▶ Work task: Return the data exactly, apart from leaving out the pictures.

▶ Given data:
==============================

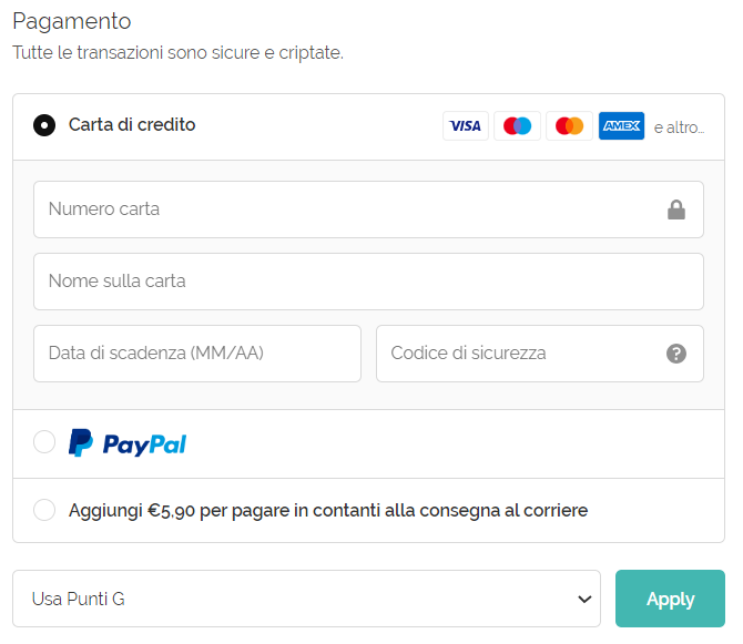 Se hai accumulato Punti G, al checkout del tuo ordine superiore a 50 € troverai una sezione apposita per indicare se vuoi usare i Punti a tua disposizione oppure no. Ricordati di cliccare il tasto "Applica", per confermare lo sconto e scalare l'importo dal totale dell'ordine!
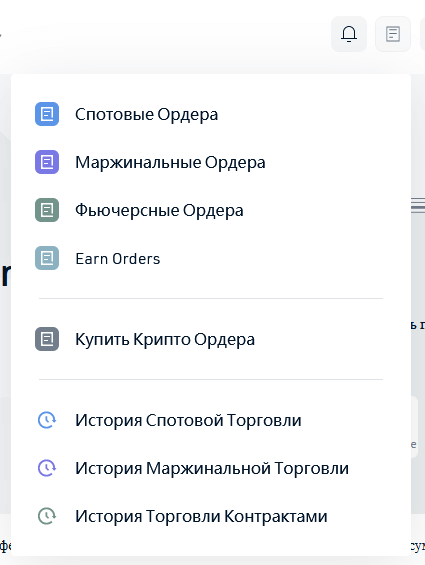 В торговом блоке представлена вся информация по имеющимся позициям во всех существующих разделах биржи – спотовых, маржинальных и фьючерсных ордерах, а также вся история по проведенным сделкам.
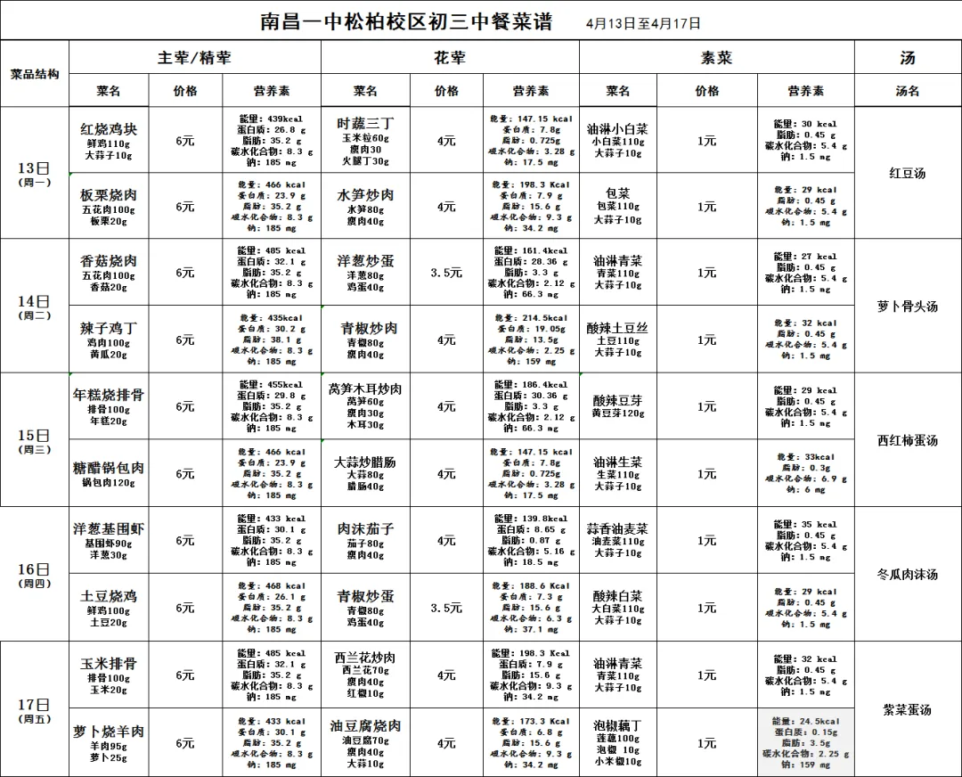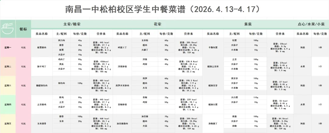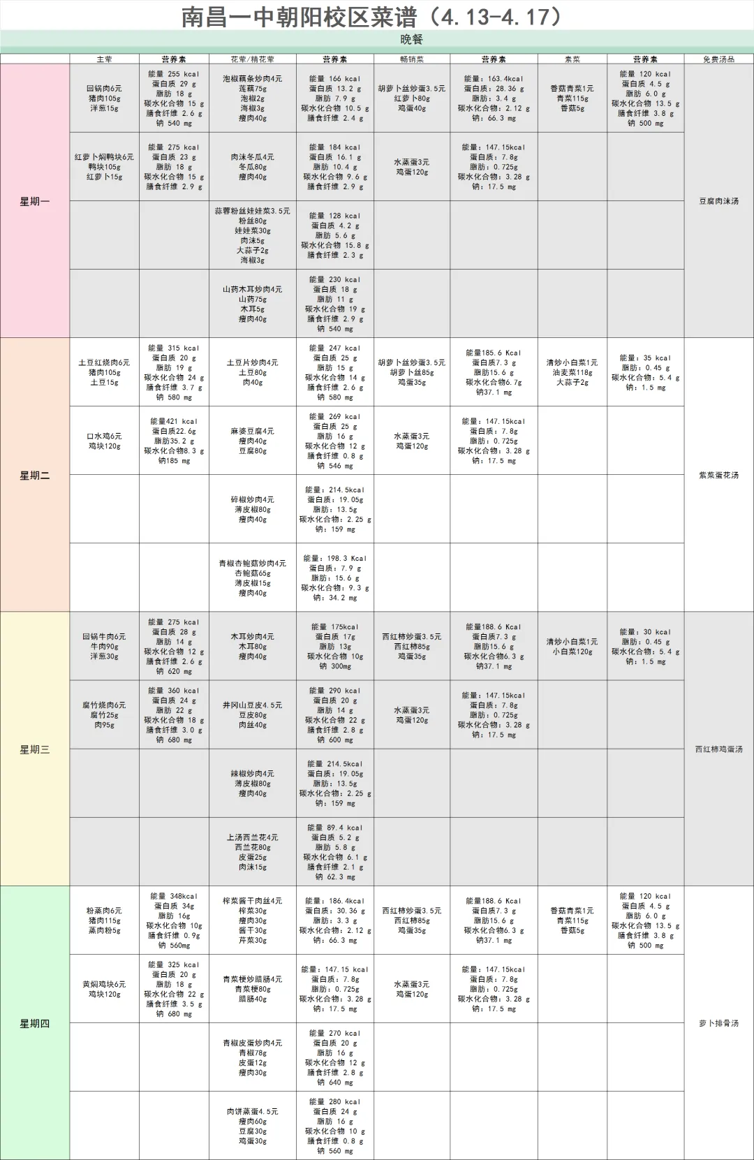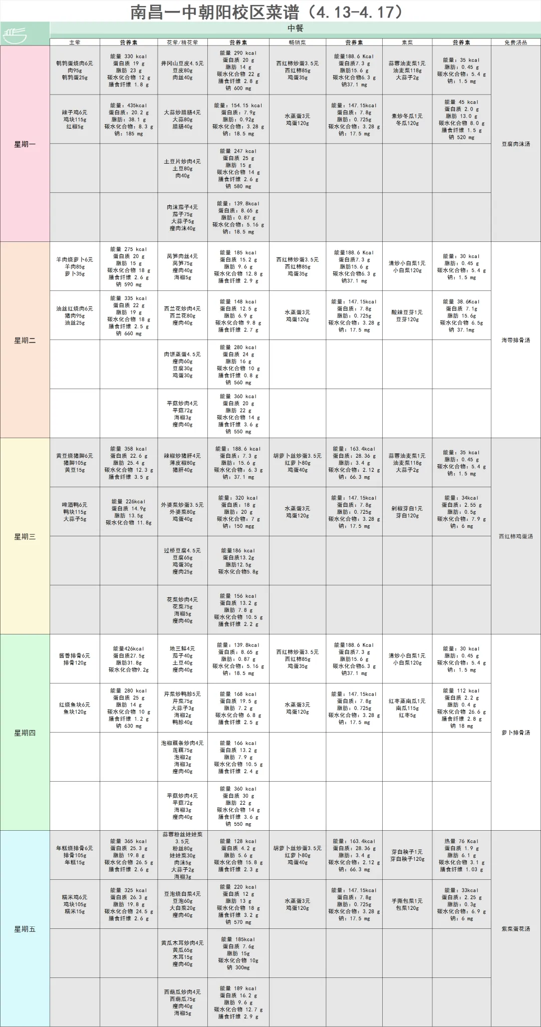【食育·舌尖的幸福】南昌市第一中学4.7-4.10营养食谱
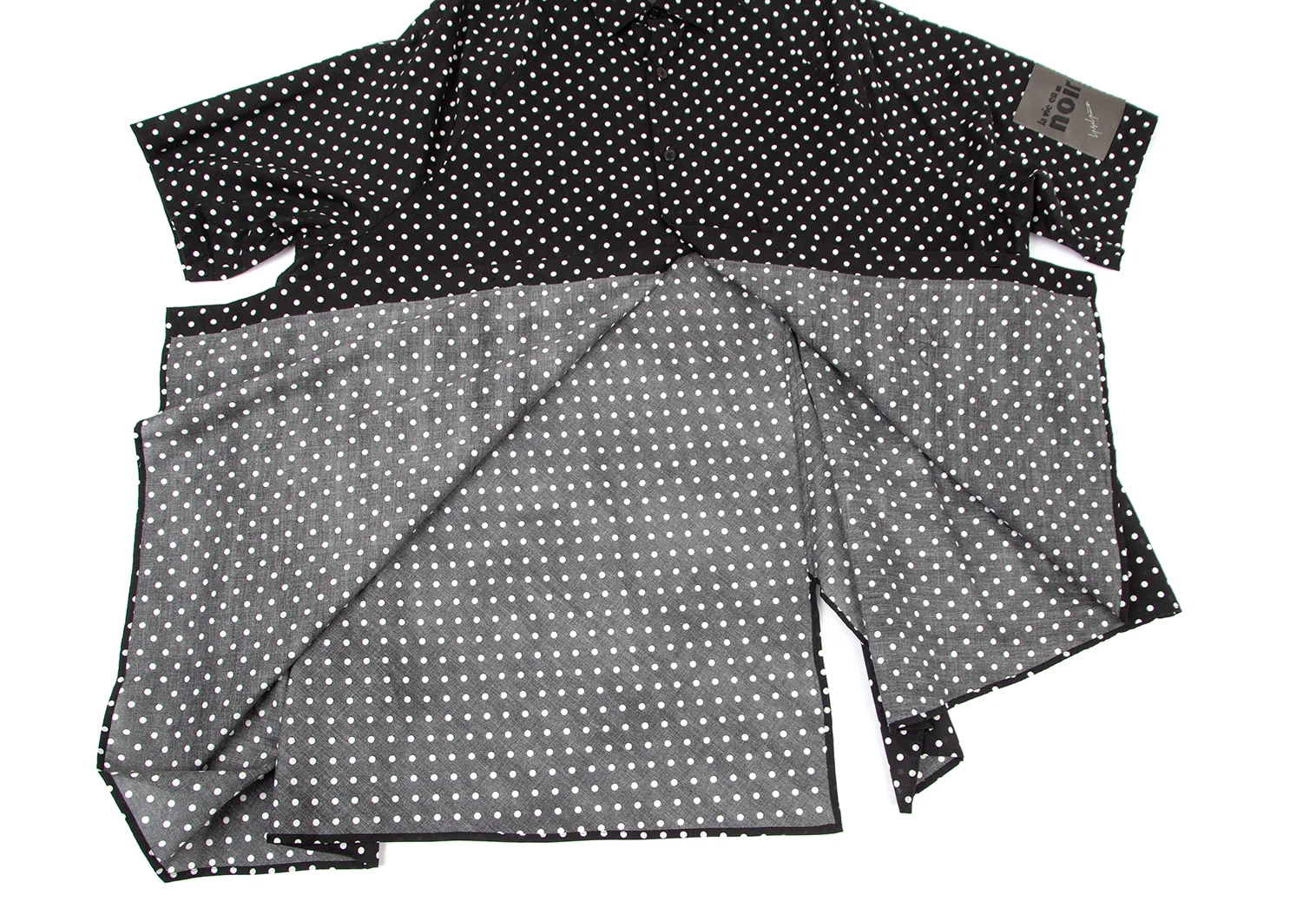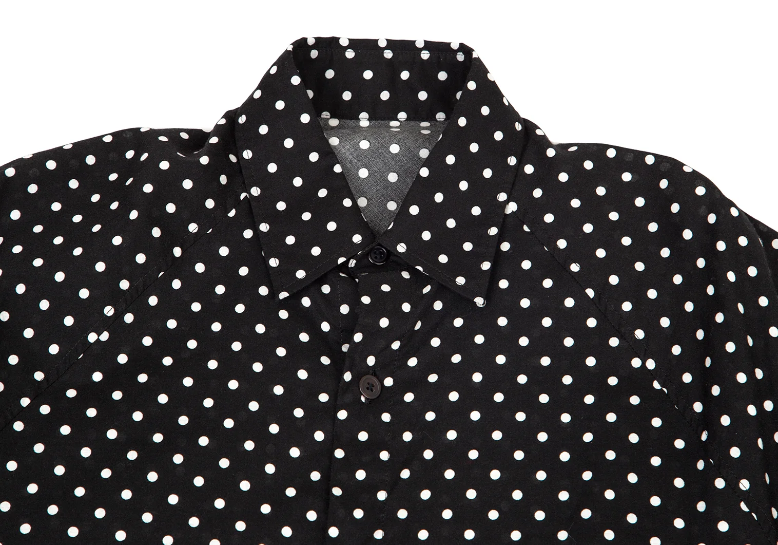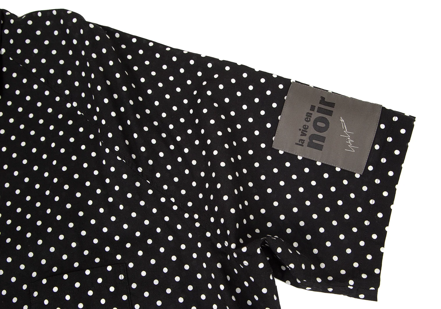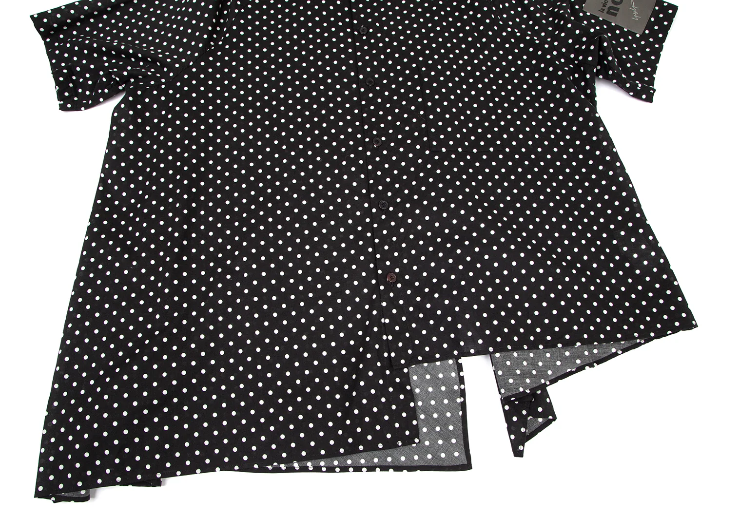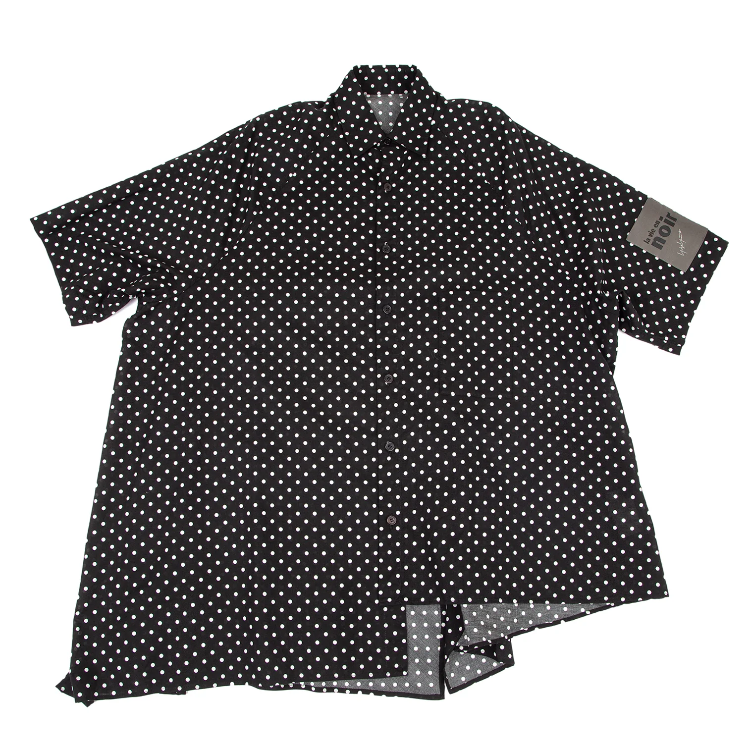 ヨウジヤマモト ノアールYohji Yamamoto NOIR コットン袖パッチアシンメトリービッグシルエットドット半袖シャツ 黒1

==============================

▶ Final answer:
 Se hai accumulato Punti G, al checkout del tuo ordine superiore a 50 € troverai una sezione apposita per indicare se vuoi usare i Punti a tua disposizione oppure no. Ricordati di cliccare il tasto "Applica", per confermare lo sconto e scalare l'importo dal totale dell'ordine!
 В торговом блоке представлена вся информация по имеющимся позициям во всех существующих разделах биржи – спотовых, маржинальных и фьючерсных ордерах, а также вся история по проведенным сделкам.
【食育·舌尖的幸福】南昌市第一中学4.7-4.10营养食谱
 ヨウジヤマモト ノアールYohji Yamamoto NOIR コットン袖パッチアシンメトリービッグシルエットドット半袖シャツ 黒1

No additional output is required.